> **What you should do**: Would you give the listing again exactly as written, minus its pictures?

> **Supplied information**:
╔══

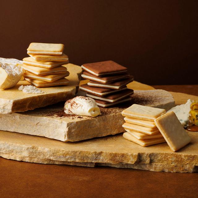 東京ミルクチーズ工場定番の味「ソルト&カマンベールクッキー」と「蜂蜜&ゴルゴンゾーラクッキー」に加え、期間限定味の「ショコラ&マスカルポーネクッキー」を詰め合わせています。
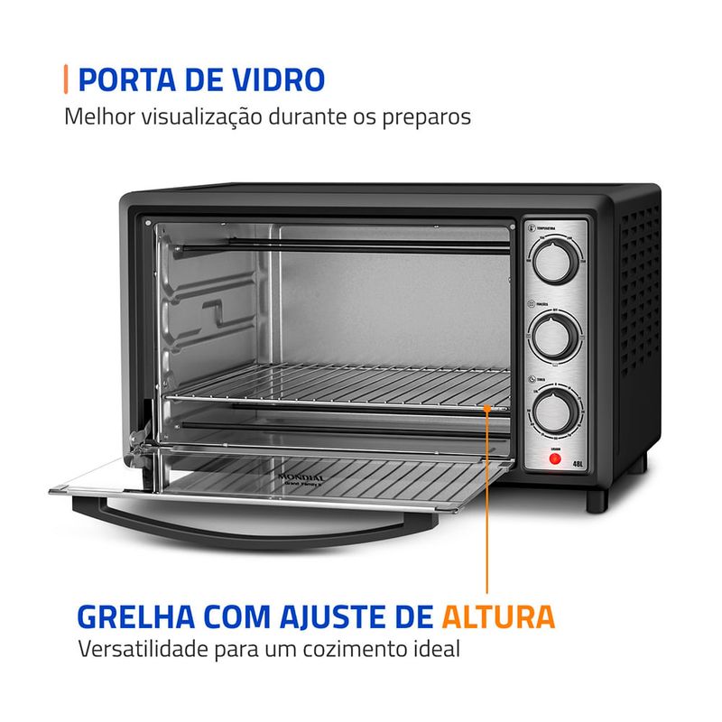 Capacidade de 48 Litros: Espaçoso e com alto desempenho, permite preparar vários pratos ao mesmo tempo ou assar receitas grandes, ideal para toda família.
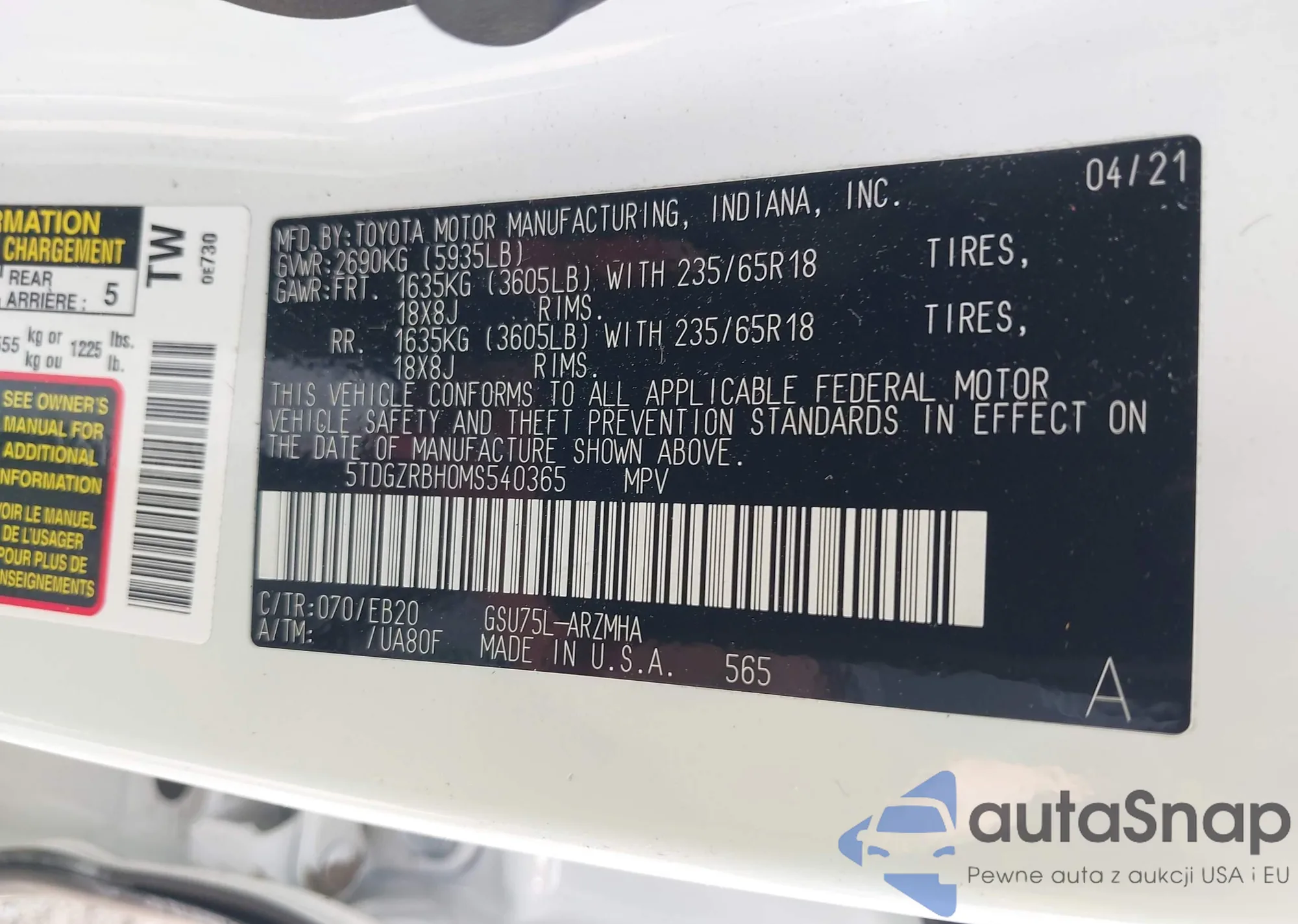VIN: 5TDGZRBH0MS540365

╚══

> **Exercise response**:
 東京ミルクチーズ工場定番の味「ソルト&カマンベールクッキー」と「蜂蜜&ゴルゴンゾーラクッキー」に加え、期間限定味の「ショコラ&マスカルポーネクッキー」を詰め合わせています。
 Capacidade de 48 Litros: Espaçoso e com alto desempenho, permite preparar vários pratos ao mesmo tempo ou assar receitas grandes, ideal para toda família.
VIN: 5TDGZRBH0MS540365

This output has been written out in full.